Hymalaia is an instrument resembling an icebox with the help of which scientists have been able to determine the exact texture of a comet. And these findings, published in the Journal of Physical Chemistry, are pretty reassuring.

The lead author of the study is Antti Lignell, who is a postdoctoral scholar at the California Institute of Technology in Pasadena.

“A comet is like deep fried ice cream,”

according to  Murthy Gudipati of NASA’s Jet Propulsion Laboratory in Pasadena, California, who is a corresponding author the recent study.

“The crust is made of crystalline ice, while the interior is colder and more porous. The organics are like a final layer of chocolate on top.”

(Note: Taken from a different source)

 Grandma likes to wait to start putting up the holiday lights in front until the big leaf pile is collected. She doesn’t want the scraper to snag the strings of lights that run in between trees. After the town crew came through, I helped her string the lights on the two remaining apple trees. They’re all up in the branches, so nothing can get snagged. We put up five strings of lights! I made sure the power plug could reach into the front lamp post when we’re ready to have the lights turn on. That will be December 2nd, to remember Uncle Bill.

What happens is that as a comet is getting closer to the Sun, its surface, otherwise rather soft, crystallises and hardens. Thus water-ice crystals form, which become denser and more ordered, while other molecules containing carbon are expelled towards the surface of the comet, resulting in a crunchy comet crust that’s “seasoned” with organic dust.

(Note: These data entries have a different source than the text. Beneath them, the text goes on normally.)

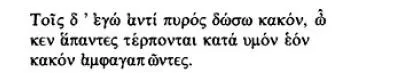You are pleased at having stolen fire and outwitted me—a great calamity both for yourself and for men to come. To set against the fire I shall give them an affliction in which they will all delight as they embrace their own misfortune1
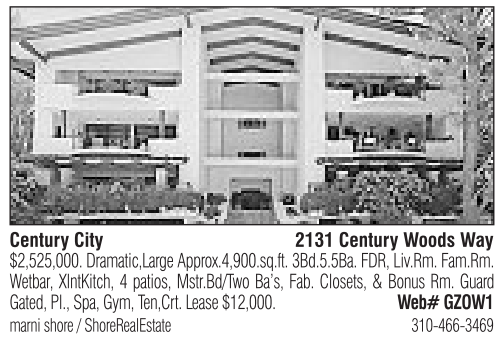 CenturyCity 2131 CenturyWoods Way $2,525,000. Dramatic,Large Approx.4,900.sq.ft. 3Bd.5.5Ba. FDR, Liv.Rm. Fam.Rm. Wetbar, XlntKitch, 4patios, Mstr.Bd/Two Ba’s, Fab. Closets, &Bonus Rm. Guard Gated, Pl., Spa, Gym, Ten,Crt. Lease $12,000. Web# GZOW1 marni shore/ShoreRealEstate 310-466-3469
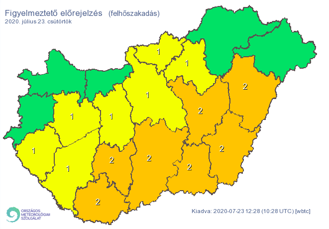 Emellett az egész országban a zivatarveszély miatt is elsőfokú figyelmeztetés van érvényben.
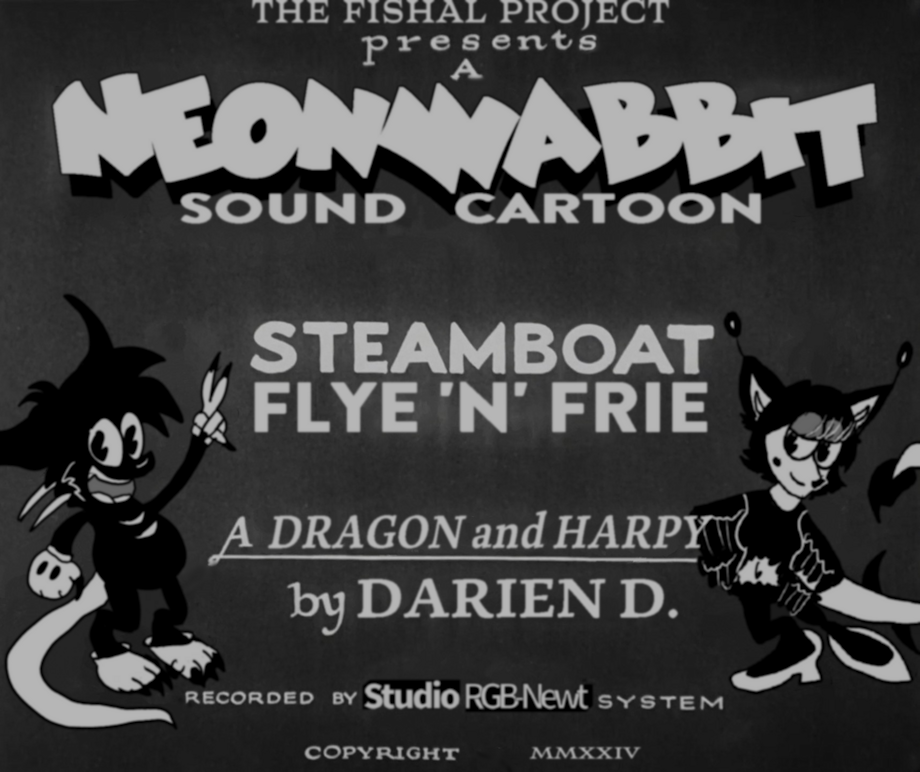 This is a title card for "STEAMBOAT FLYE 'N' FRIE", based on the title card of some random work found in the public domain.
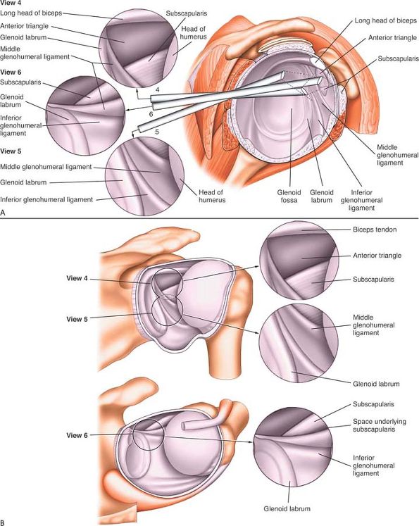 the arthroscope inferiorly and then rotate it to look posteriorly. (B) Overall views of the shoulder joint seen from the direction of the scope in Views 4, 5, and 6 (left), correlated with their respective arthroscopic views (right). -
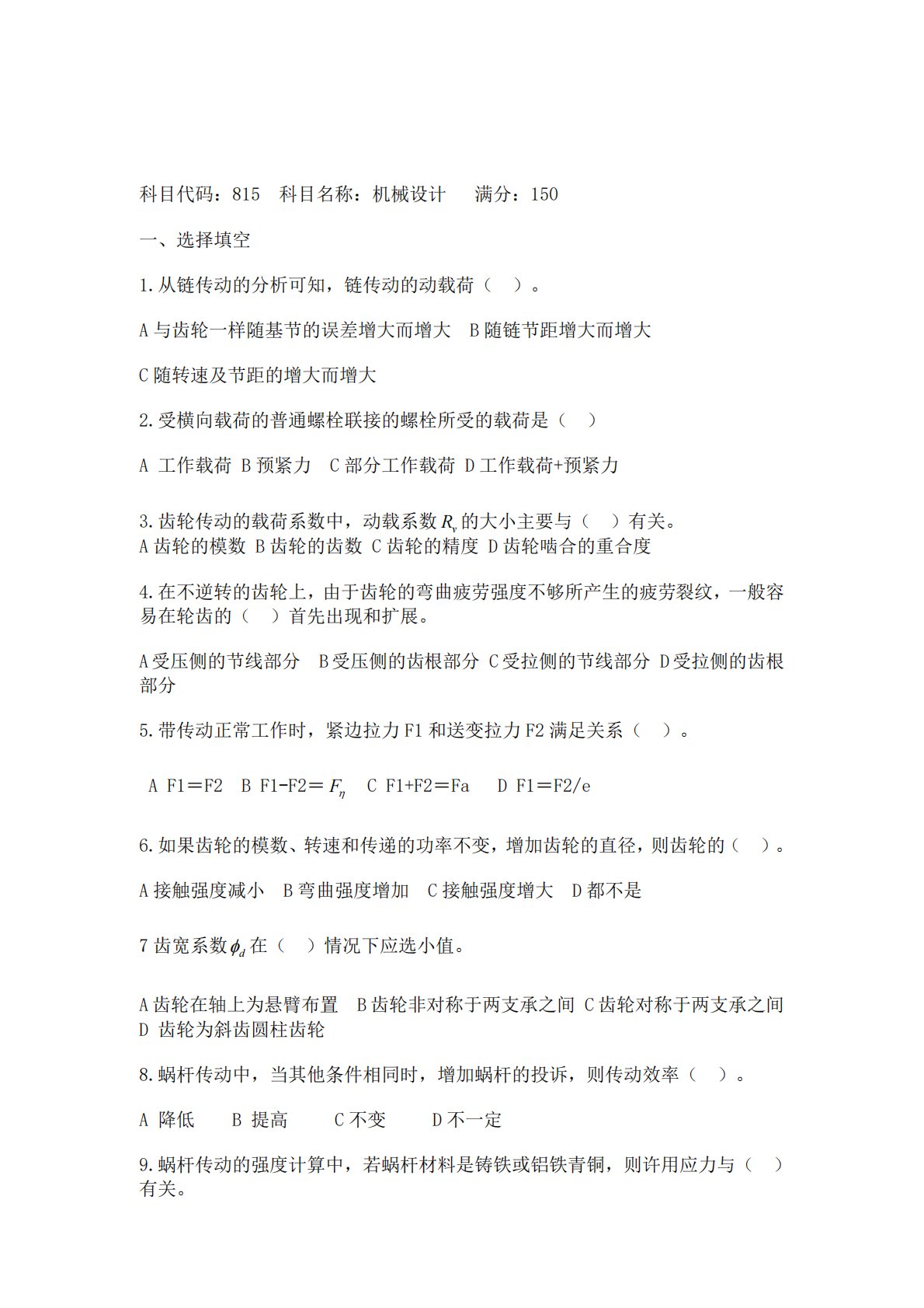 A齿轮的模数B齿轮的齿数C齿轮的精度D齿轮啮合的重合度4.在不逆转的齿轮上,由于齿轮的弯曲疲劳强度不够所产生的疲劳裂纹,一般容易在轮齿的()首先出现和扩展。A受压侧的节线部分B受压侧的齿根部分C受拉侧的节线部分D受拉侧的齿根部分 科目代码:815科目名称:机械设计满分:150一、选择填空1.从链传动的分析可知,链传动的动载荷()。A与齿轮一样随基节的误差增大而增大B随链节距增大而增大C随转速及节距的增大而增大2.受横向载荷的普通螺栓联接的螺栓所受的载荷是()A工作载荷B预紧力C部分工作载荷D工作载荷+预紧力3.齿轮传动的载荷系数中,动载系数的大小主要与()有关。5.带传动正常工作时,紧边拉力F...

This is not the first time scientists have announced that comets have hard surfaces and soft interiors. This theory was also confirmed as Rosetta’s Philae landed on the surface of 67P/Churyumov-Gerasimenko last year. Not to mention the Deep Impact mission that looked into the same issues among other things.

Lignell and  Gudipati put together a closely resembling model of crystallising comet crust and began their  experiments with amorphous (porous) ice, which is by excellence the proposed composition of some of the chilliest comets and icy moons.

The icy comet surfaces are different from the ice we have here on Earth because of the fact that we don’t have temperatures that are so low so as to form amorphous ice on the planet. So the scientists involved in this discovery used the Himalaya instrument in order to slowly warm up amorphous ice mixtures from minus 243 to minus 123 degrees Celsius, thus imitating the conditions a comet would have to go through throughout its journeys towards the Sun.

Both scientists regard comets as time capsules that contain within themselves clues to our planet’s history and to the birth of our solar system.